TASK REQUIREMENTS =>
Pictures are to be dropped from the copy. Retype the listing exactly.

SUPPLIED MATERIAL =>
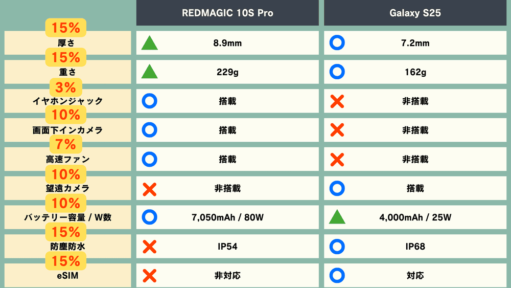 〇✕△は主観です。各項目の個人的な重要度を%で表しています。
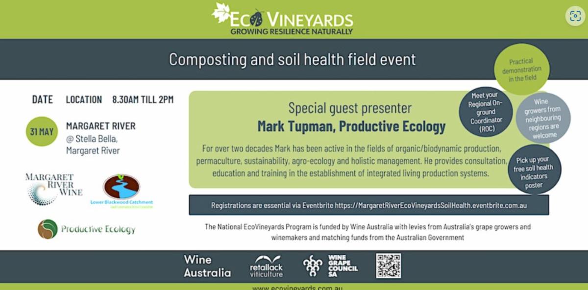 Join agroecologist/viticulturist Dr Mary Retallack, Retallack Viticulture Pty Ltd and Regional On-ground Coordinator, Kate Tarrant, Lower Blackwood LCDC, who will host a National EcoVineyards Program practical soil health field event with special guest presenter Mark Tupman, Productive Ecology, to discuss composting and soil health indicators.
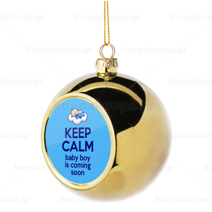 KEEP CALM baby boy is coming soon!!!, Στολίδι Χριστουγεννιάτικη μπάλα δένδρου Χρυσή 8cm
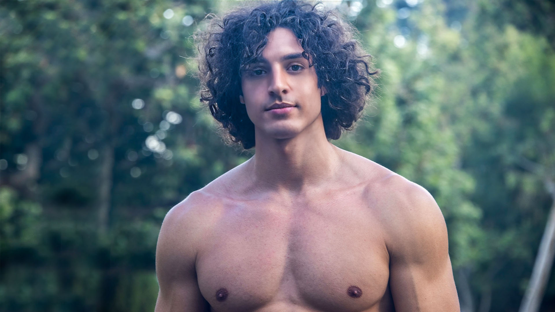 Charlie Santana, wearing Champion sweatpants, basks in the vibrant atmosphere of the park, immersed in a peaceful, leisurely day.
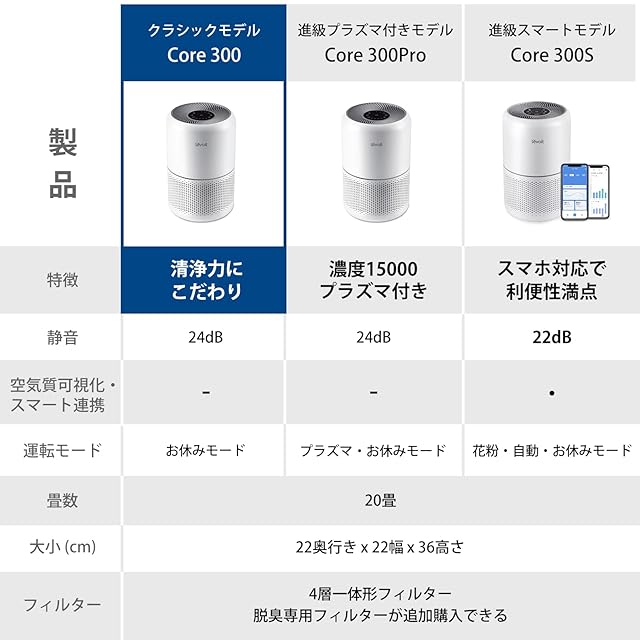商品名:Levoit (レボイト) 空気清浄機 クラシックモデル Core 300 20畳 脱臭 集じん 小型 ペット 花粉 卓上 ハウスダスト hepa フィルター PM2.5 ホワイト
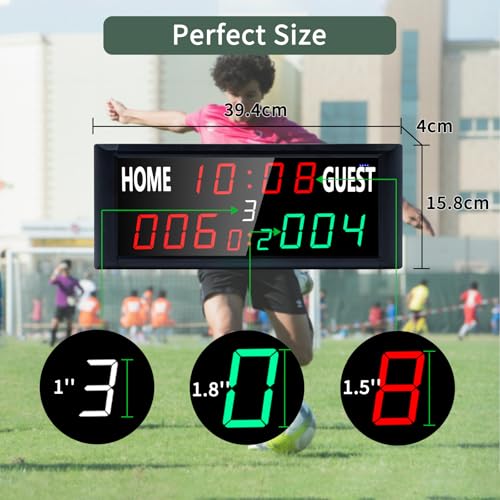- Ultra Clear 1.8" LED Display – Dimensions: 34.5 x 16.6 x 4 cm | Weight: 1.3 kg. Dual-color LEDs (red/green) for easy team differentiation + 8 brightness levels. Visible up to 33 ft (10 m)—even in sunlight.
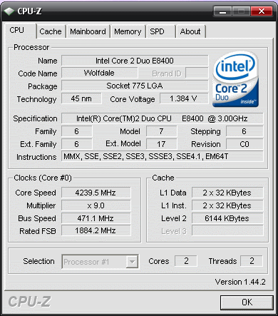 Результат разгона Intel Core 2 Duo (Wolfdale)

EXPECTED OUTPUT =>
 〇✕△は主観です。各項目の個人的な重要度を%で表しています。
 Join agroecologist/viticulturist Dr Mary Retallack, Retallack Viticulture Pty Ltd and Regional On-ground Coordinator, Kate Tarrant, Lower Blackwood LCDC, who will host a National EcoVineyards Program practical soil health field event with special guest presenter Mark Tupman, Productive Ecology, to discuss composting and soil health indicators.
 KEEP CALM baby boy is coming soon!!!, Στολίδι Χριστουγεννιάτικη μπάλα δένδρου Χρυσή 8cm
 Charlie Santana, wearing Champion sweatpants, basks in the vibrant atmosphere of the park, immersed in a peaceful, leisurely day.
商品名:Levoit (レボイト) 空気清浄機 クラシックモデル Core 300 20畳 脱臭 集じん 小型 ペット 花粉 卓上 ハウスダスト hepa フィルター PM2.5 ホワイト
- Ultra Clear 1.8" LED Display – Dimensions: 34.5 x 16.6 x 4 cm | Weight: 1.3 kg. Dual-color LEDs (red/green) for easy team differentiation + 8 brightness levels. Visible up to 33 ft (10 m)—even in sunlight.
 Результат разгона Intel Core 2 Duo (Wolfdale)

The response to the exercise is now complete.